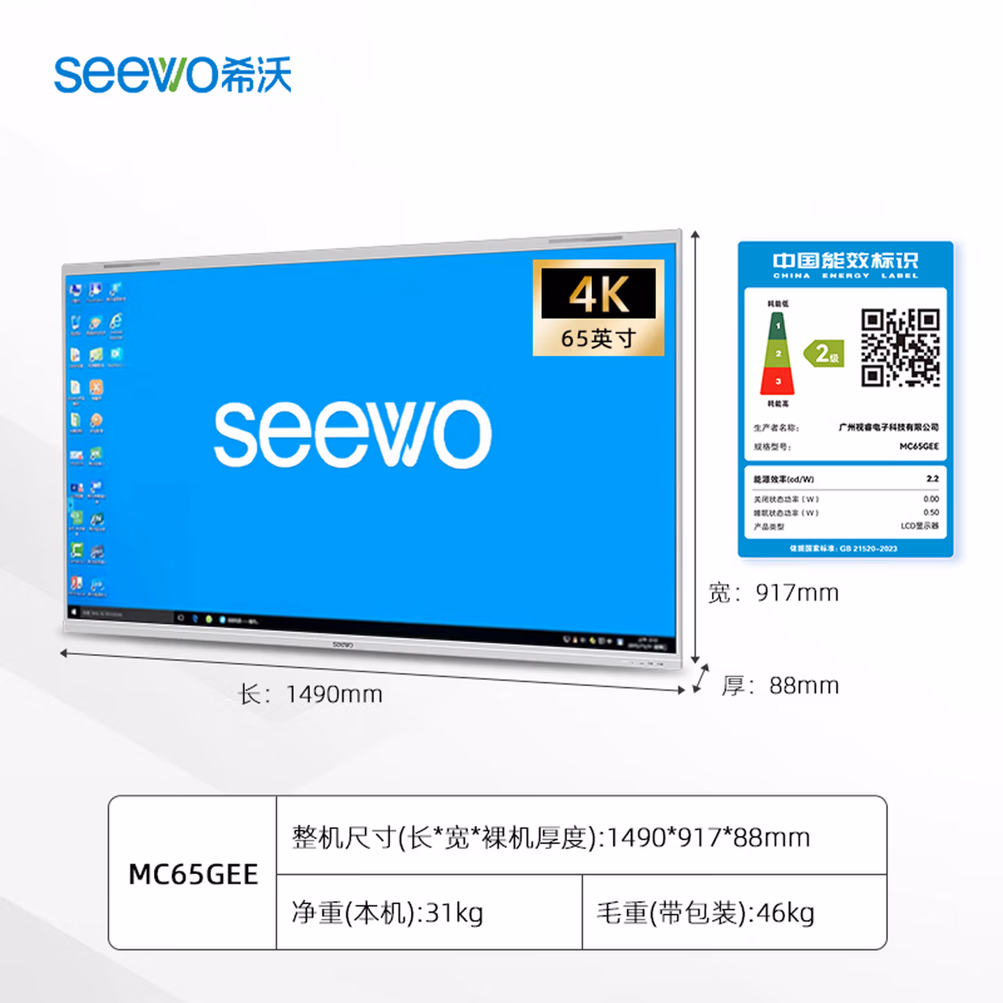> 希沃(seewo)65英寸 MC65GEE 会议平板4k超高清智能触屏一体机win10 电子白板 i5 8G 256G
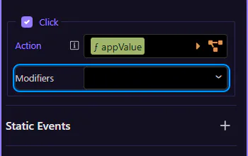 Section titled “Working with the Click event and modifiers”The Click event is the most common event. Modifiers control default behavior and add conditions.
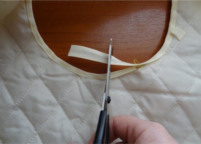 2. Отрезать излишки косой бейки так, чтобы нахлест одного конца на другой был примерно 2 см.
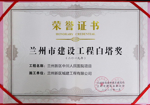 喜讯!继火家湾安置房项目周边基础设施配套一期工程等2个项目获评省级“绿色工地”后,1月16日,从兰州市建筑业联合会第五届理事会第五次理事会议暨2019年度兰州市建设工程“白塔奖”颁奖现场传来喜讯,由城建公司施工的兰州新区中川人民医院项目荣获2019年度兰州市建设工程“白塔奖”。
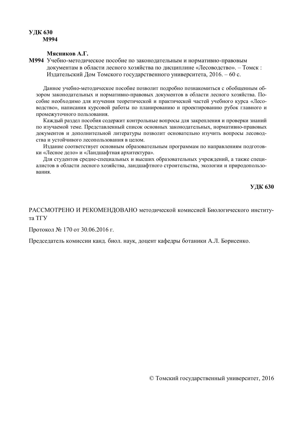 Учебно-методическое пособие по законодательным и нормативно-правовым документам в области лесного хозяйства по дисциплине «Лесоводство»
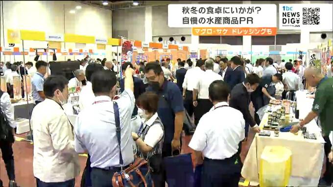 秋冬に旬を迎える魚や水産加工品を一堂に集めた展示商談会が仙台で開かれました。バイヤーたちが試食をしながら目当ての商品を探し求めていました。新鮮なマグロを使った握りずしに、秋に旬を迎えるサケの海鮮丼。…
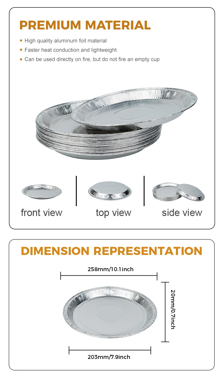 Reuniones familiares en reuniones familiares, el recipiente de aluminio de aluminio plateado de pizza de 10 pulgadas es, sin duda, un ayudante indispensable. Se puede usar para sostener los platos principales, como el pollo asado y los guisos, o como utensilios desechables para contener la comida sobrante, lo cual es conveniente y rápido para reducir la carga de la limpieza después de las comidas. Además, debido a sus características livianas y fáciles de transportar, es ideal para picnics al aire libre.
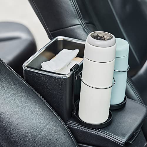 صندوق تخزين مسند ذراع السيارة لتخزين المناديل مع حاملين أكواب قابلين للطي، منظم جانبي لوحدة التحكم في السيارة لكوب الماء والمناديل الورقية والموبايلات (مقاس واحد، أسود)
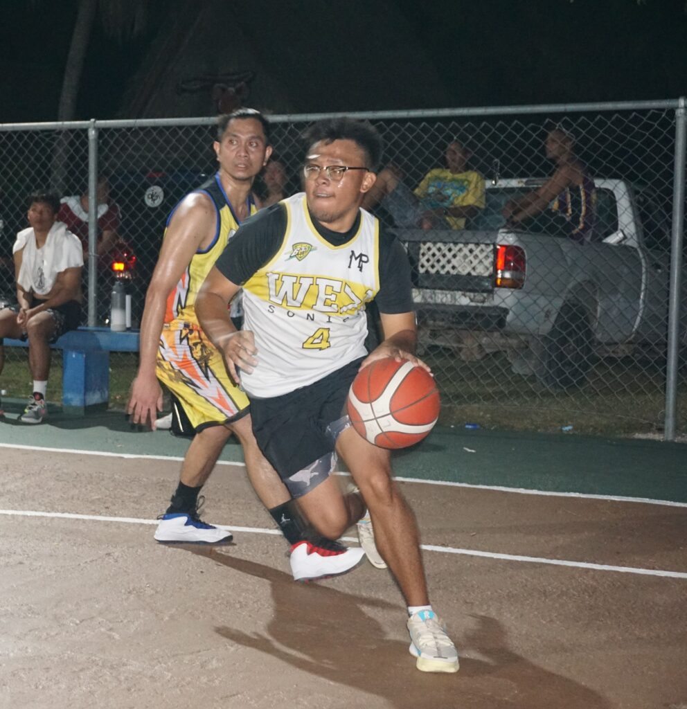 The Game’s Christian Bravo dribbles past a defender during an open division game of the Saipan Centennial Lions Club Invitational Basketball League at the Civic Center basketball court on Wednesday.
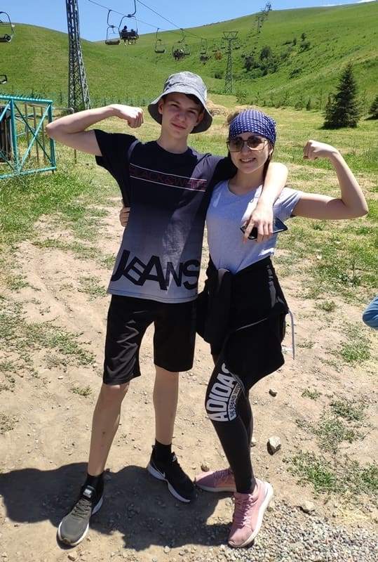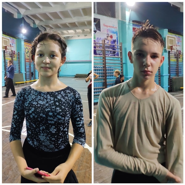 Они родились в Бишкеке. Ему 15 лет, ей 13. Тренируются в студии «Алексис» у Алексея Кибкало и Татьяны Когадей. Их дуэту пять лет.
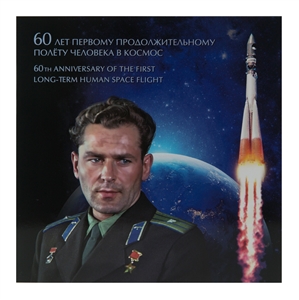 № СН1055. Сувенирный набор в художественной обложке "60 лет первому продолжительному полету человека в космос" (с надпечаткой)
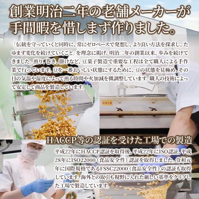 【安心の国内製造】明治二年創業の老舗メーカーが製造!豆菓子製造の重要な工程は全て職人による手作業で行っています。HACCP認証などを受けた工場で製造しています。
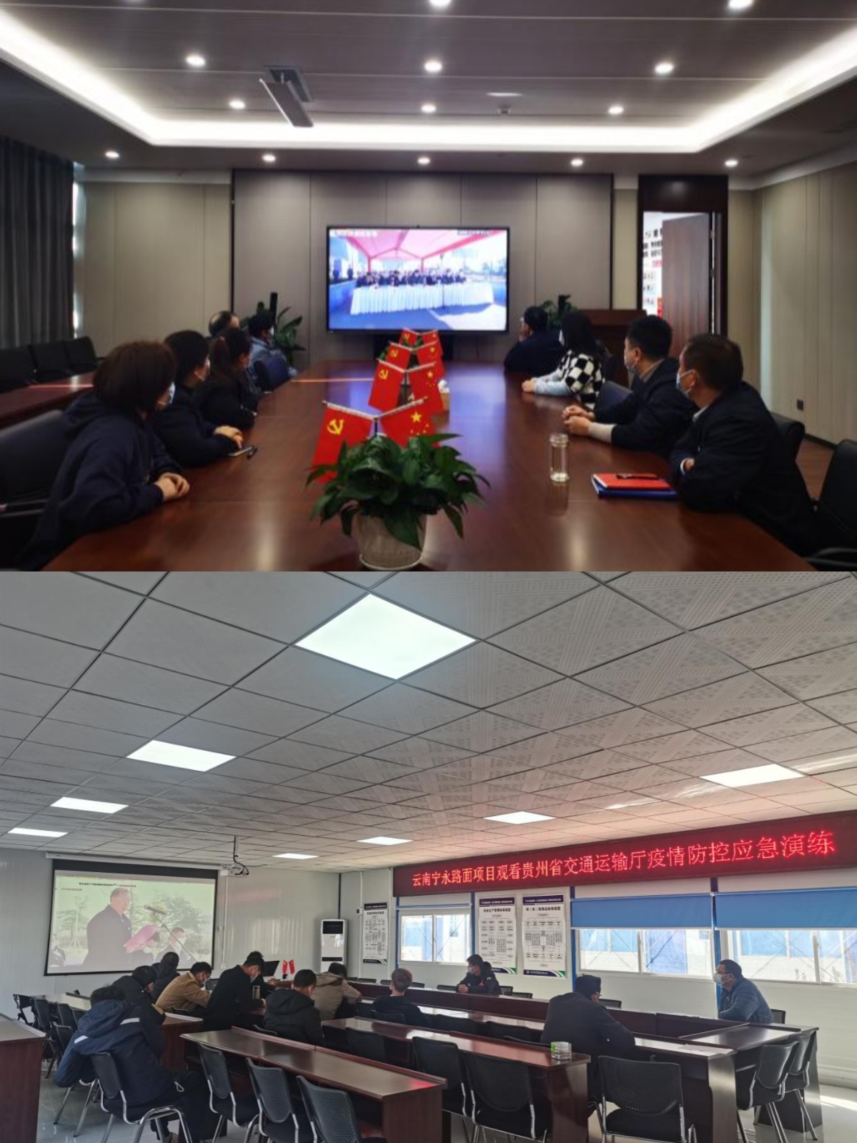 为强化预防和控制新冠肺炎疫情能力,指导和规范疫情应急处置工作,12月22日,路面分公司及司属各项目采取集中观摩及自行观摩等方式,组织100余名干部职工观看了贵州省交通运输行业疫情防控应急演练直播。
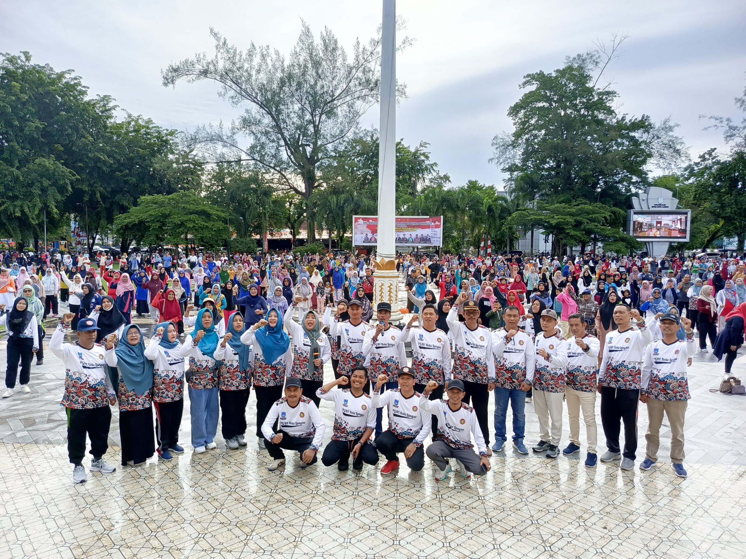 Senam Sehat Massal dalam rangka memperingati menyambut Hari Guru Nasional (HGN) dan Hari Ulang Tahun (HUT) Persatuan Guru Republik Indonesia (PGRI) yang ke 79 di Lapangan Merdeka Kota Langsa.
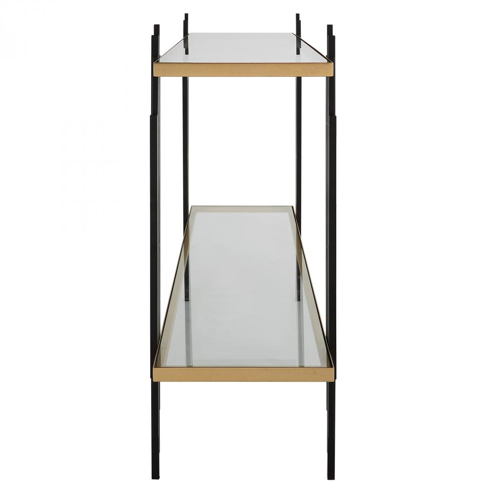 Gold Leaf Shelves Seem to Float Between Matte Black Iron Legs Reminiscent of A Cityscape. Two Shelves Are Clear Tempered Glass.
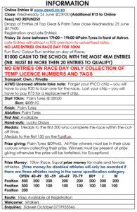 Drop of Entries at Top Gear & Palm Tyres close Wednesday 25 June @17h00
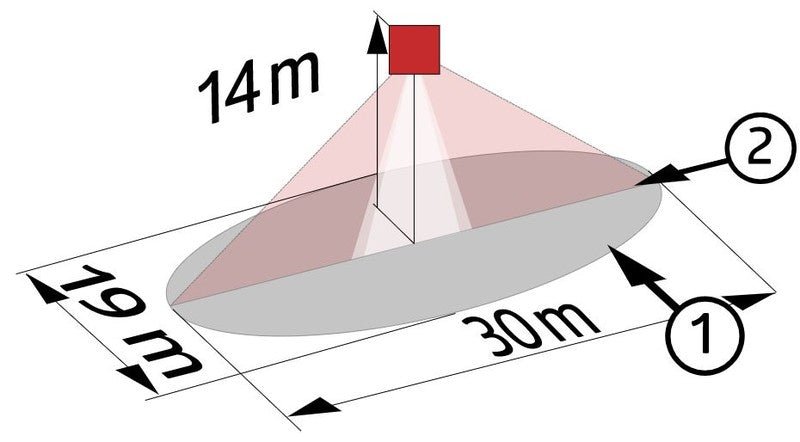 • Valvonta-alue 14m asennuskorkeudessa: ovaali 30 m ja 19 m sivusuunnassa sekä kohti tunnistinta
________________
How to complete this task: Write the records out again exactly; none of the pictures belong in the copy.

Task result:
> 希沃(seewo)65英寸 MC65GEE 会议平板4k超高清智能触屏一体机win10 电子白板 i5 8G 256G
 Section titled “Working with the Click event and modifiers”The Click event is the most common event. Modifiers control default behavior and add conditions.
 2. Отрезать излишки косой бейки так, чтобы нахлест одного конца на другой был примерно 2 см.
 喜讯!继火家湾安置房项目周边基础设施配套一期工程等2个项目获评省级“绿色工地”后,1月16日,从兰州市建筑业联合会第五届理事会第五次理事会议暨2019年度兰州市建设工程“白塔奖”颁奖现场传来喜讯,由城建公司施工的兰州新区中川人民医院项目荣获2019年度兰州市建设工程“白塔奖”。
 Учебно-методическое пособие по законодательным и нормативно-правовым документам в области лесного хозяйства по дисциплине «Лесоводство»
 秋冬に旬を迎える魚や水産加工品を一堂に集めた展示商談会が仙台で開かれました。バイヤーたちが試食をしながら目当ての商品を探し求めていました。新鮮なマグロを使った握りずしに、秋に旬を迎えるサケの海鮮丼。…
 Reuniones familiares en reuniones familiares, el recipiente de aluminio de aluminio plateado de pizza de 10 pulgadas es, sin duda, un ayudante indispensable. Se puede usar para sostener los platos principales, como el pollo asado y los guisos, o como utensilios desechables para contener la comida sobrante, lo cual es conveniente y rápido para reducir la carga de la limpieza después de las comidas. Además, debido a sus características livianas y fáciles de transportar, es ideal para picnics al aire libre.
 صندوق تخزين مسند ذراع السيارة لتخزين المناديل مع حاملين أكواب قابلين للطي، منظم جانبي لوحدة التحكم في السيارة لكوب الماء والمناديل الورقية والموبايلات (مقاس واحد، أسود)
 The Game’s Christian Bravo dribbles past a defender during an open division game of the Saipan Centennial Lions Club Invitational Basketball League at the Civic Center basketball court on Wednesday.
 Они родились в Бишкеке. Ему 15 лет, ей 13. Тренируются в студии «Алексис» у Алексея Кибкало и Татьяны Когадей. Их дуэту пять лет.
 № СН1055. Сувенирный набор в художественной обложке "60 лет первому продолжительному полету человека в космос" (с надпечаткой)
 【安心の国内製造】明治二年創業の老舗メーカーが製造!豆菓子製造の重要な工程は全て職人による手作業で行っています。HACCP認証などを受けた工場で製造しています。
 为强化预防和控制新冠肺炎疫情能力,指导和规范疫情应急处置工作,12月22日,路面分公司及司属各项目采取集中观摩及自行观摩等方式,组织100余名干部职工观看了贵州省交通运输行业疫情防控应急演练直播。
 Senam Sehat Massal dalam rangka memperingati menyambut Hari Guru Nasional (HGN) dan Hari Ulang Tahun (HUT) Persatuan Guru Republik Indonesia (PGRI) yang ke 79 di Lapangan Merdeka Kota Langsa.
 Gold Leaf Shelves Seem to Float Between Matte Black Iron Legs Reminiscent of A Cityscape. Two Shelves Are Clear Tempered Glass.
 Drop of Entries at Top Gear & Palm Tyres close Wednesday 25 June @17h00
 • Valvonta-alue 14m asennuskorkeudessa: ovaali 30 m ja 19 m sivusuunnassa sekä kohti tunnistinta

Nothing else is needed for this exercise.